Atlas
Vitamins

25-OH vitamin D25(OH)D

Storage form of vitamin D; the standard measurement of vitamin D status.

Sample
Serum
Clinical reference range
30 to 100 ng/mL
Sufficient (Endocrine Soc)
Conv: 30100 ng/mLFunc: 4060 ng/mL
Biology

What it measures

Cutaneous synthesis from 7-dehydrocholesterol → cholecalciferol → 25-hydroxylation in liver. Activated to 1,25(OH)₂D in kidney.

Clinical use

Why we order it

Diagnose deficiency, monitor supplementation.

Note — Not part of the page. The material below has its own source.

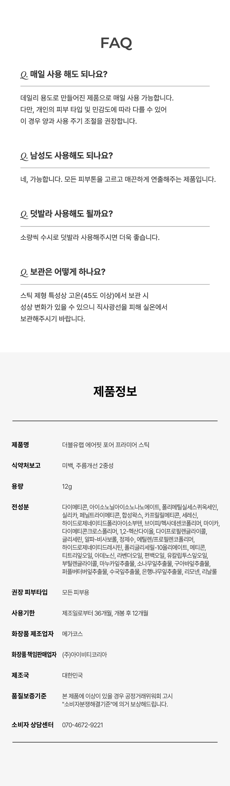 | 용량(중량) | 12g/ 0.42oz | 제품 주요 사양 | 모든 피부 타입 사용 가능 |

Measurement in healthy adults without risk factors is not routinely recommended (USPSTF I).

Lens · Clinical

Interpretation by lens

Clinical interpretation

Treat <20 ng/mL with 50 000 IU weekly × 8 weeks then maintenance. <30 with risk factors → 1000–2000 IU/day.

Functional interpretation

Functional optimal 40–60 ng/mL; values >100 increase hypercalcemia risk.

Differential

Causes of abnormal values

Causes of HIGH
  • Supplementation
  • Granulomatous disease (sarcoidosis, TB) — measure 1,25(OH)₂D
Causes of LOW
  • Limited sun exposure
  • Dark skin at high latitude
  • Obesity (sequestration)
  • Malabsorption
  • CKD
  • Anticonvulsants
Pitfalls

Pre-analytic & interpretation traps

  • !Vitamin D2 supplementation may be underestimated by some immunoassays; LC-MS/MS preferred.
Evidence-graded claims

What the data says

B
Vitamin D supplementation prevents fractures and falls in older adults
Modest effect, especially with calcium.
C
Vitamin D supplementation reduces COVID-19 severity
Inconsistent RCT data.
E
Vitamin D prevents type 2 diabetes
VITAL and D2d trials largely negative.